In tema di incentivi, il governo BisConte insiste nel premiare a prescindere i veicoli elettrici e ibridi, che costituiscono una parte marginale dell’offerta e della domanda, soprattutto di produzione nazionale. Come nel caso degli incentivi ai monopattini, il governo punta a regalare soldi pubblici a prodotti e tecnologie straniere, il cui minore impatto ambientale è tutto da dimostrare, visto che produrre una batteria con l’attuale tecnologia agli ioni di litio che impiega materiali rari e pericolosi (uno su tutti: il cobalto) dove la Cina esercita un monopolio di fatto costa oggi decisamente di più e con maggiori emissioni ambientali complessive rispetto ad un veicolo spinto da un motore tradizionale a standard Euro 6. 

Continuando in questa strategia che non privilegia la manifattura e l’occupazione italiana, dei 500 milioni complessivi stanziati dal decretoAgosto”, altri 100 milioni sono destinati per i veicoli situati nella fascia 0-60 g/km/CO2 di emissioni (in pratica veicoli elettrici e ibridi con annessa piccola batteria); altri 150 milioni vanno per la nuova fascia 61-90 g/km/CO2 denunciata dall’Unrae che riguarda praticamente le sole utilitarie. 100 milioni, infine, per la fascia 91-110 g/km/CO2 che costituisce con difficoltà il segmento cui maggiormente si rivolgono le famiglie. Gli ultimi 90 milioni vanno per alimentare un fondo volto alla diffusione degli impianti di ricarica dei veicoli elettrici.

Tutto bene? Affatto, in quanto i consumatori non sono grulli come tanti esponenti del governo BisConte ritengono e non sono disponibili a spendere migliaia di euro in più (al netto degli incentivi statali fino ad 8.000 euro, che spesso cumulano con quelli stabiliti dalle regioni, talvolta giungendo a raddoppiarli) per acquistare un veicolo elettrico che, almeno fino al 2025 quando è atteso l’arrivo sul mercato della nuova generazione di batterie, ha anche fortissimi limiti di impiego quando lo si impiega in percorsi extraurbani e un costo di gestione (quando si utilizzano i punti di ricarica pubblici ad alta potenza: scelta praticamente obbligata con batterie da 50 kWh e oltre di capacità; peccato che applichino tariffe doppie o triple di quella domestica, livello su cui si calcola la convenienza d’impiego di un’auto elettrica) chilometrico praticamente doppio rispetto ad un veicolo a gasolio che, complessivamente, è pure anche meno inquinante.

Visto che i 50 milioni di incentivo concesso per l’auto con motore termico sono stati “bruciati” nel giro di una sola settimana, è probabile che i 250 milioni resi disponibili dal decretoAgostovadano esauriti entro la metà (alla fine al massimo) del prossimo mese di ottobre.

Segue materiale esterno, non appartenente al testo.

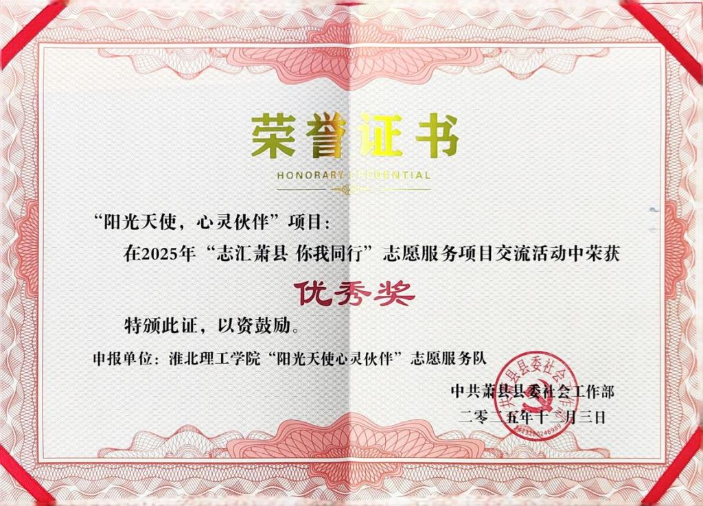 近日,由萧县县委社会工作部主办的2025年“志汇萧县·你我同行”志愿服务项目交流活动圆满落幕。在刘畅老师的悉心指导下,世界杯官网“阳光天使,心灵伙伴”志愿服务团队凭借专业的服务理念、扎实的实践成效脱颖而出,荣获活动优秀奖,为萧县志愿服务事业增添了温暖底色。
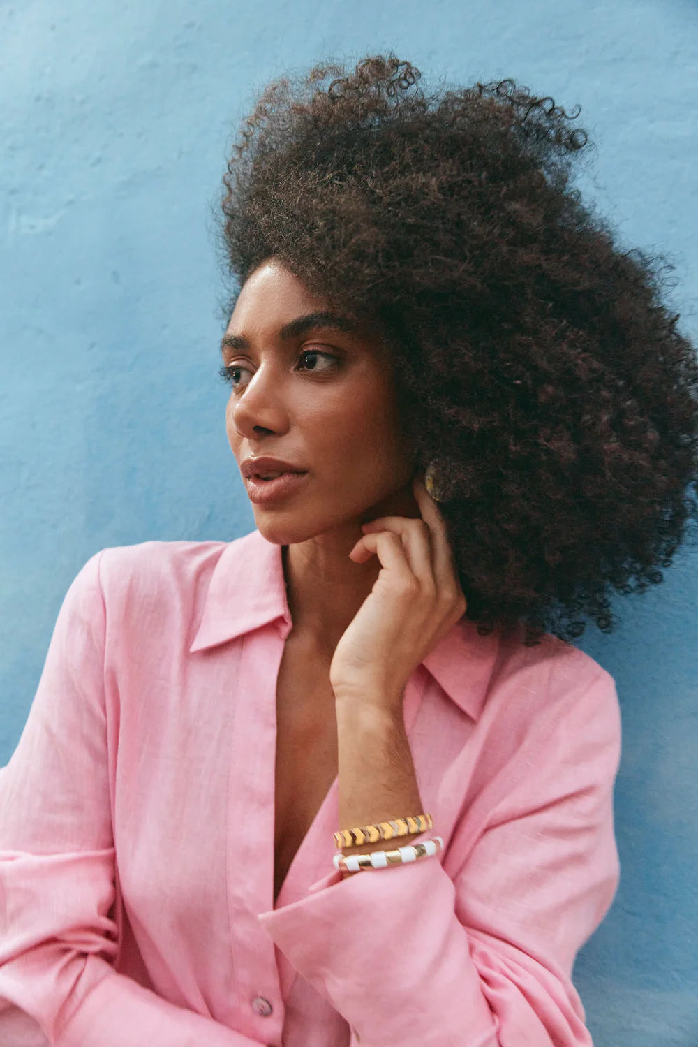 Amp up your look with the Seraphic Cuff! This fabulous accessory is just what you need to add some contrast or accentuate the subtleties in your ensemble. With its dazzling chevron beading in lively summer tones, it's bound to make a statement. Opt for a single cuff or stack them up for extra impact!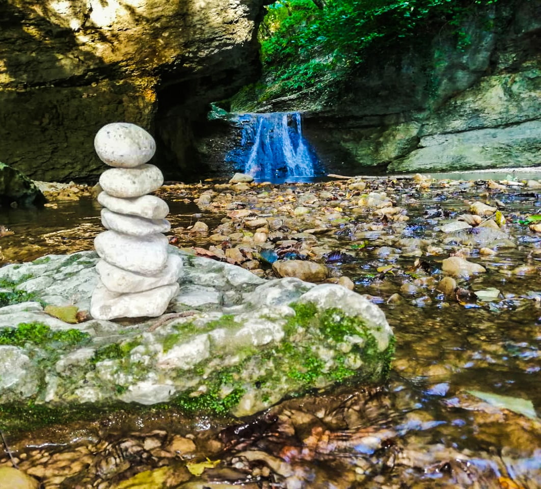 • 10.00 - Экскурсия к реликтовому ущелью Руфабго с его водопадами; От первого водопада, называемого Шум до второго Каскадный около 750 м. Самым красивым признан третий водопад Сердце Руфабго. Узкий поток воды, обтекая громадную каменную глыбу, обрывается в живописное глубокое ущелье. Скалы ущелья, сложенные горизонтально залегающими плитами известняка, наполняют пространство загадочными звуками эхо. Сердцем Великана зовут люди этот камень и рассказывают древнюю легенду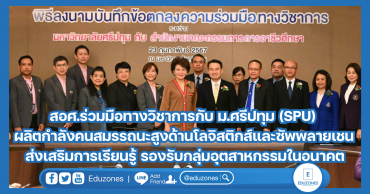 สอศ.ร่วมมือทางวิชาการกับ ม.ศรีปทุม (SPU) ผลิตกำลังคนสมรรถนะสูงด้านโลจิสติกส์และซัพพลายเชนส่งเสริมการเรียนรู้ที่ทันสมัย รองรับกลุ่มอุตสาหกรรมในอนาคต EZ Webmaster February 23, 2024 นายยศพล เวณุโกเศศ เลขาธิการคณะกรรมการการอาชีวศึกษา มอบหมายให้นายสง่า แต่เชื้อสาย ผู้ช่วยเลขาธิการคณะกรรมการการอาชีวศึกษา เข้าร่วมในพิธีลงนามบันทึกข้อตกลงว่าด้วยความร่วมมือทางวิชาการ ระหว่าง สำนักงานคณะกรรมการการอาชีวศึกษา กับ มหาวิทยาลัยศรีปทุม โดยมีดร.รัชนีพร พุคยาภรณ์ พุกกะมาน อธิการบดี มหาวิทยาลัยศรีปทุม ผู้ช่วยศาสตราจารย์ ดร.ธริธี มณีศรี คณบดีวิทยาลัยโลจิสติกส์และซัพพลายเชนมหาวิทยาลัยศรีปทุม ดร.รัชนีพร พุคยาภรณ์ พุกกะมาน อธิการบดี มหาวิทยาลัยศรีปทุม ผู้บริหาร สอศ. และผู้บริหารมหาวิทยาลัยศรีปทุม เข้าร่วม ณ มหาวิทยาลัยศรีปทุม นายสง่า แต่เชื้อสาย ผู้ช่วยเลขาธิการคณะกรรมการการอาชีวศึกษา กล่าวว่า สำนักงานคณะกรรมการการอาชีวศึกษา (สอศ.) มีภารกิจหลักทางการจัดการศึกษา เพื่อการผลิตและพัฒนากำลังคนสายอาชีพ ให้เป็นกำลังคนที่มีคุณภาพและสมรรถนะสูง ตอบโจทย์การพัฒนาประเทศ เน้นการเรียนรู้จากการปฏิบัติจริง… Continue Reading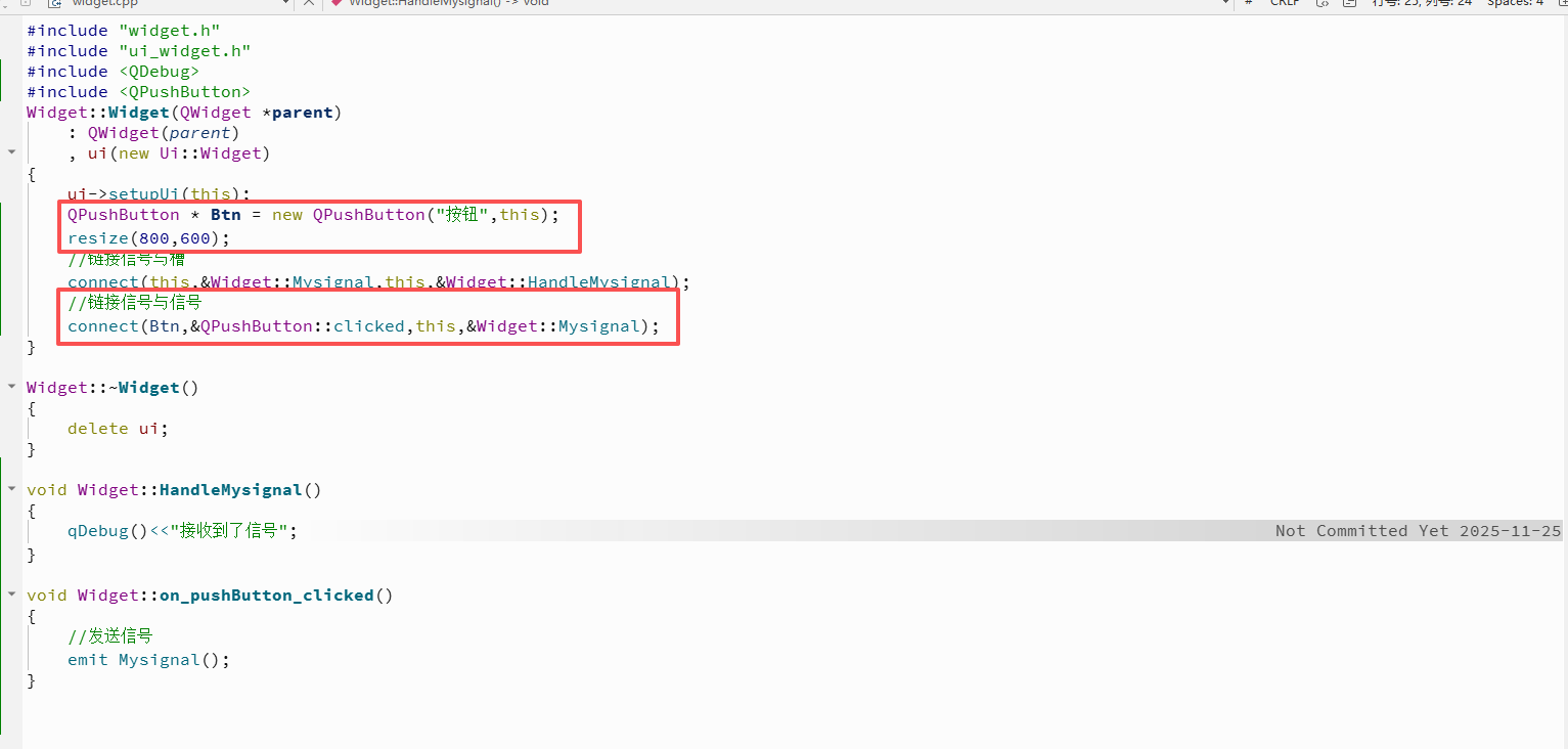 connect(Btn,&QPushButton::clicked,this,&Widget::Mysignal);

Mentre il fondo per l’auto elettrica, continuamente rimpinguato dai soloni di governo, crea rimanenze non utilizzate (il fondo per il 2019 ha avuto rimanenze di circa 20 milioni di euro). Di qui, la proposta di buon senso dell’Unrae di potere stabilire in sede di conversione del decreto un travaso automatico dei fondi all’atto dell’esaurimento di uno dei plafond, per garantire la massima operatività della norma a beneficio dei consumatori, dell’ambiente e della libera concorrenza.

A furia di procedere con decisioni del tutto disgiunte dalla realtà, a palazzo Chigi e dintorni non ci si lamenti se, nei prossimi mesi, si assisterà all’esplosione delle crisi dei concessionari e della chiusura degli stabilimenti di produzione e conseguenti migliaia di licenziamenti: se i sostegni ad un settore primario per occupazione, capacità di ricerca, occupazione, generazione di fatturato e di gettito tributario vogliono essere tali, si abbia il coraggio di guardare alla realtà e non ai sogni. La realtà è cosa ben diversa dall’utopia salita al governo del governo BisConte.